5.6.2. Sind eilige Maßnahmen im Interesse des Mandanten zu treffen, bevor die in Artikel 5.6.1. aufgestellten Bedingungen erfüllt werden können, so kann der Rechtsanwalt diese Maßnahmen treffen, wenn er seinen Vorgänger davon sofort unterrichtet.

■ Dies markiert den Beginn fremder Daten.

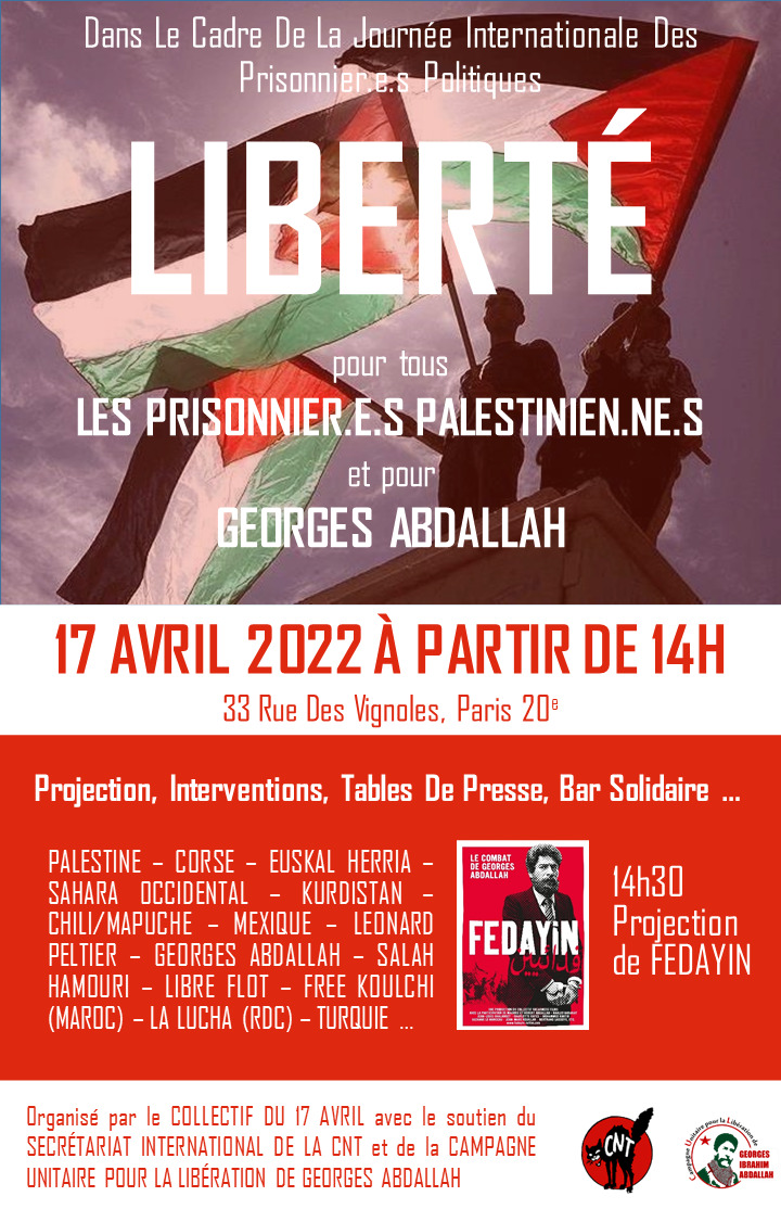 A l’occasion de la journée internationale de solidarité avec les prisonnier.e.r.s politiques, le Collectif du 17 avril, avec le soutien de la CNT (Secrétariat International / CNT éducation 93) et de la Campagne Unitaire pour la Libération de Georges Ibrahim Abdallah, vous invite à une journée de mobilisation ce 17 avril 2022 à partir de 14h au 33 rue des Vignoles, Paris 20°, métro ligne 9 Buzenval ou ligne 2 Avron.
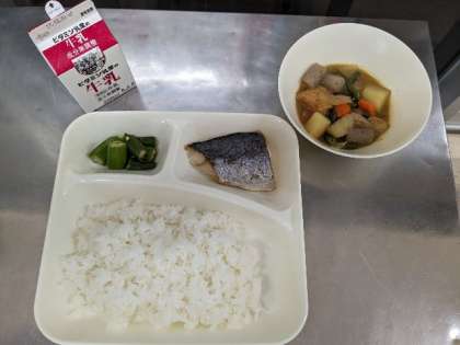 今日の献立は、さごしの塩焼き・含め煮・オクラのいためもの・ごはん・牛乳です。
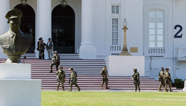 3月1日,美军士兵在海地首都太子港的总统府守卫。

5.7. Haftung für Honorarforderungen unter Kollegen
Im beruflichen Verkehr zwischen Rechtsanwälten verschiedener Mitgliedsstaaten ist der Rechtsanwalt, der sich nicht darauf beschränkt, seinem Mandanten einen ausländischen Kollegen zu benennen oder das Mandat zu vermitteln, sondern eine Angelegenheit einem ausländischen Kollegen überträgt oder diesen um Rat bittet, persönlich dann zur Zahlung des Honorars, der Kosten und der Auslagen des ausländischen Kollegen verpflichtet, wenn Zahlung von dem Mandaten nicht erlangt werden kann. Die betreffenden Rechtsanwälte können jedoch zu Beginn ihrer Zusammenarbeit anderweitige Vereinbarungen treffen. Der beauftragende Rechtsanwalt kann ferner zu jeder Zeit seine persönliche Verpflichtung auf das Honorar und die Kosten und Auslagen beschränken, die bis zu dem Zeitpunkt angefallen sind, in welchem er seinem ausländischen Kollegen mitteilt, dass er nicht mehr haften werde.

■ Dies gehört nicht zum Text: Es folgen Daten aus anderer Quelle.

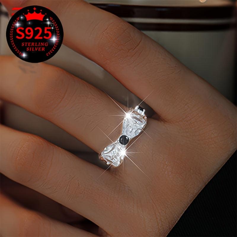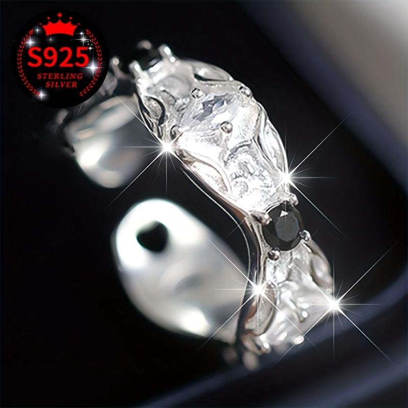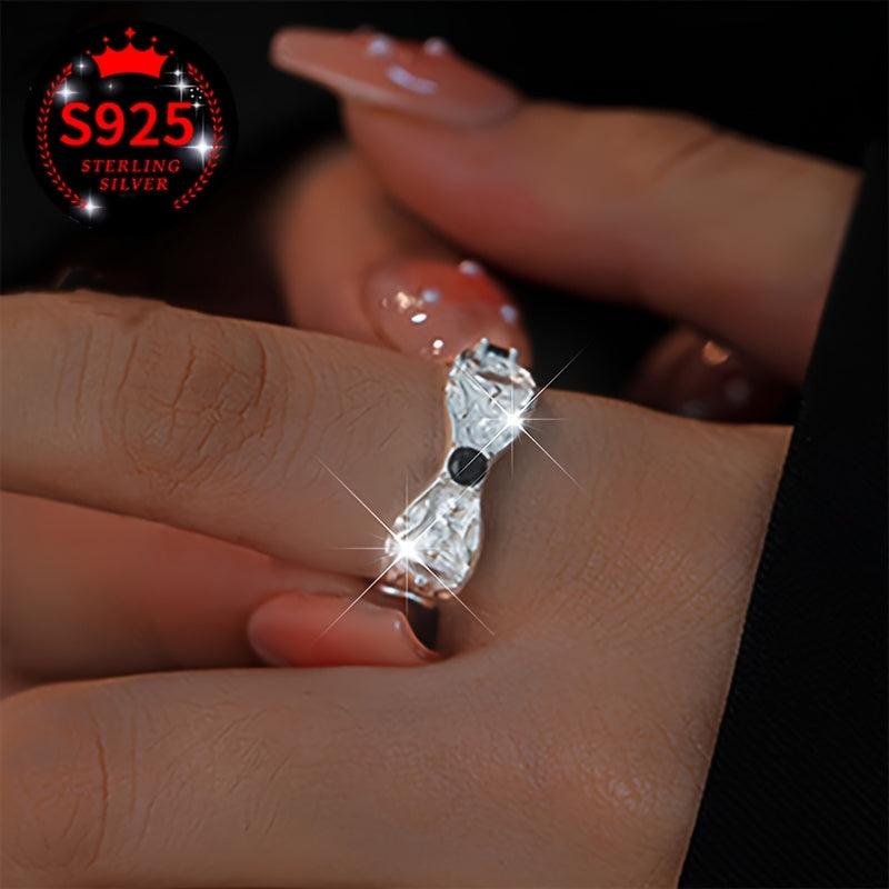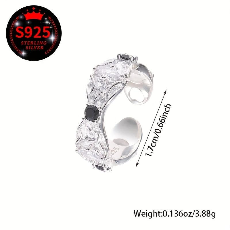 Elegant 925 sterling silver open ring featuring synthetic zirconia stones. This adjustable ring is perfect for daily wear, travel, and parties. Surprise someone special with this stunning piece!

5.8. Ausbildung junger Anwälte
Im wohlverstandenen Interesse der Mandanten sowie zu Verstärkung des Vertrauens und der Zusammenarbeit zwischen den Rechtsanwälten der Mitgliedsstaaten ist es erforderlich, eine bessere Kenntnis der materiellen Gesetze und der Verfahrensgesetze der einzelnen Mitgliedsstaaten zu fördern. Zu diesem Zweck soll der Rechtsanwalt - eingedenk des beruflichen Bedürfnisses zur guten Ausbildung des Nachwuchses - die Notwendigkeit der Ausbildung junger Kollegen aus anderen Mitgliedsstaaten gebührend berücksichtigen.

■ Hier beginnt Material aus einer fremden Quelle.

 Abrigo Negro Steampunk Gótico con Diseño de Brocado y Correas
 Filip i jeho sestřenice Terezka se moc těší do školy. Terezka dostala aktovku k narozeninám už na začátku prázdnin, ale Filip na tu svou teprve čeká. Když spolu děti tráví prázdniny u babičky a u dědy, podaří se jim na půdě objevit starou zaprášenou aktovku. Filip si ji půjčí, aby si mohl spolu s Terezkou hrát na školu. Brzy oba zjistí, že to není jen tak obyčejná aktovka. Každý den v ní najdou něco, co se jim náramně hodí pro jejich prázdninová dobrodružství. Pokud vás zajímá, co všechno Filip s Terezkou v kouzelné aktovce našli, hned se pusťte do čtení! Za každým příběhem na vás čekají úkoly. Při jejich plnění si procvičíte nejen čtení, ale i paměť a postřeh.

5.9. Streitschlichtung zwischen Kollegen aus verschiedenen Mitgliedsstaaten
5.9.1. Ist ein Rechtsanwalt der Auffassung, dass ein Kollege aus einem anderen Mitgliedsstaat gegen das Standesrecht verstoßen hat, hat er diesen darauf hinzuweisen.
5.9.2. Kommt es zwischen Rechtsanwälten aus verschiedenen Mitgliedsstaaten zum Streit in Fragen der Berufsausübung, haben sie sich zunächst um eine gütliche Regelung zu bemühen.
5.9.3. Der Rechtsanwalt, der beabsichtigt, gegen einen Kollegen aus einem anderen Mitgliedsstaat wegen Angelegenheiten, auf die Artikel 5.9.1. oder 5.9.2. Bezug nehmen, ein Verfahren einzuleiten, hat davon zuvor seine und seines Kollegen Standesorganisationen zu benachrichtigen, damit diese sich um eine gütliche Regelung bemühen können.